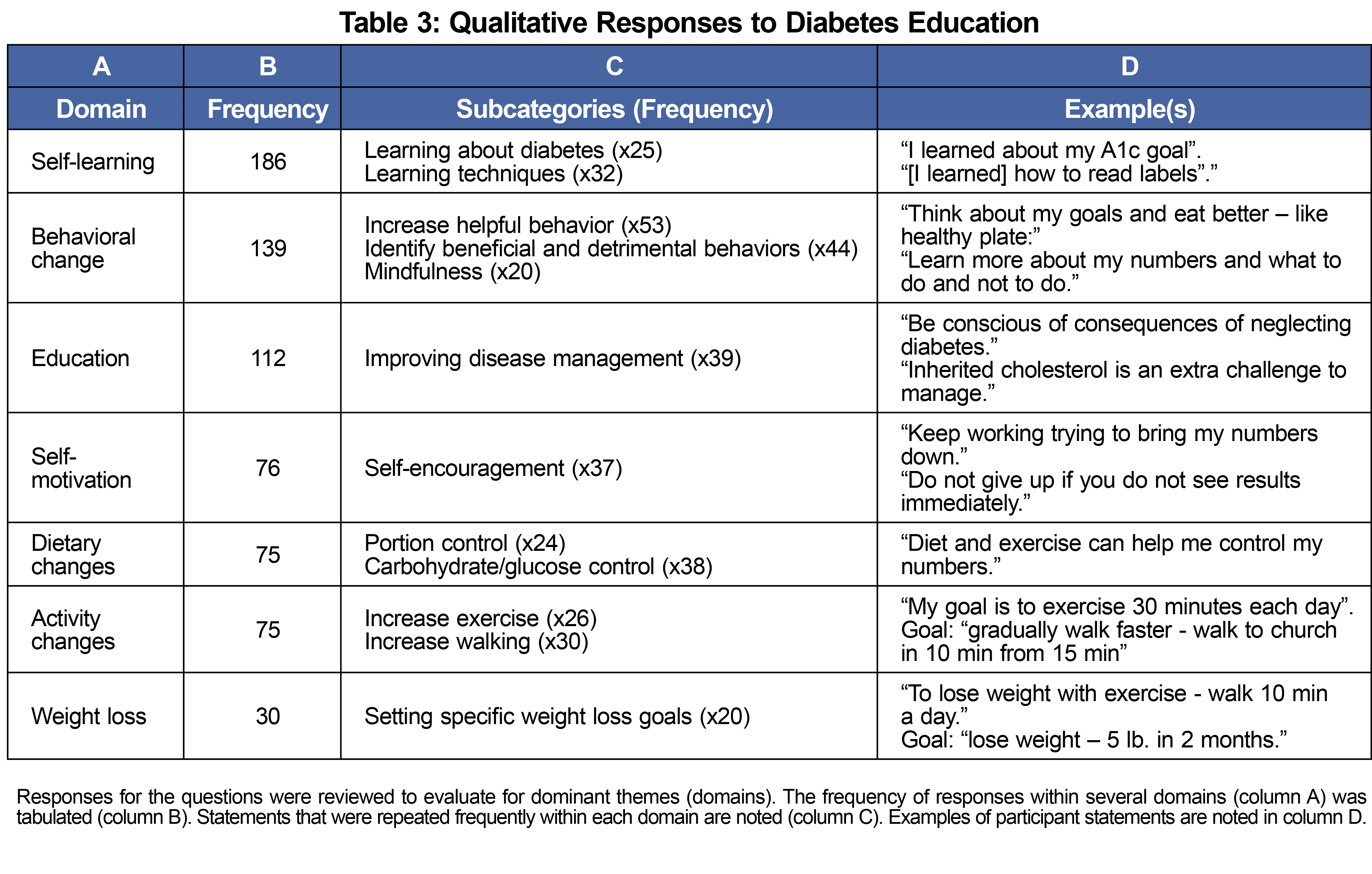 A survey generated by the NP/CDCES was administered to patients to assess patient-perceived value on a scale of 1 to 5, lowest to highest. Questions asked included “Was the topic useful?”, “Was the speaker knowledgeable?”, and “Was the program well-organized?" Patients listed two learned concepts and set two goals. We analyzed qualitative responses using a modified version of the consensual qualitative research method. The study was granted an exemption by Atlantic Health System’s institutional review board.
════════════════════
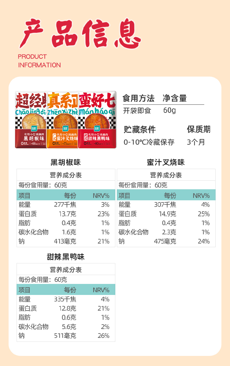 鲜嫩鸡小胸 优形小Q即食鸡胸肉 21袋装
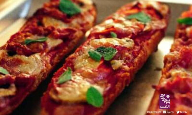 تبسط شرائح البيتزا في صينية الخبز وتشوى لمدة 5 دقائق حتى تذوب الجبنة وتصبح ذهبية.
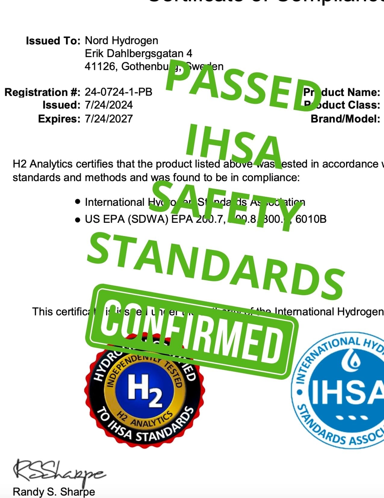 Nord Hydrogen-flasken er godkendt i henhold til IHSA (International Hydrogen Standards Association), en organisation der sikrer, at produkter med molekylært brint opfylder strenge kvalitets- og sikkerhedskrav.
════════════════════
How to complete this task »
Beginning at the line above that contains "鲜嫩鸡小胸 优形小Q即食鸡胸肉 21袋装", repeat each line exactly through the one that contains "Nord Hydrogen-flasken er", and leave out the pictures.

Expected answer »
 鲜嫩鸡小胸 优形小Q即食鸡胸肉 21袋装
 تبسط شرائح البيتزا في صينية الخبز وتشوى لمدة 5 دقائق حتى تذوب الجبنة وتصبح ذهبية.
 Nord Hydrogen-flasken er godkendt i henhold til IHSA (International Hydrogen Standards Association), en organisation der sikrer, at produkter med molekylært brint opfylder strenge kvalitets- og sikkerhedskrav.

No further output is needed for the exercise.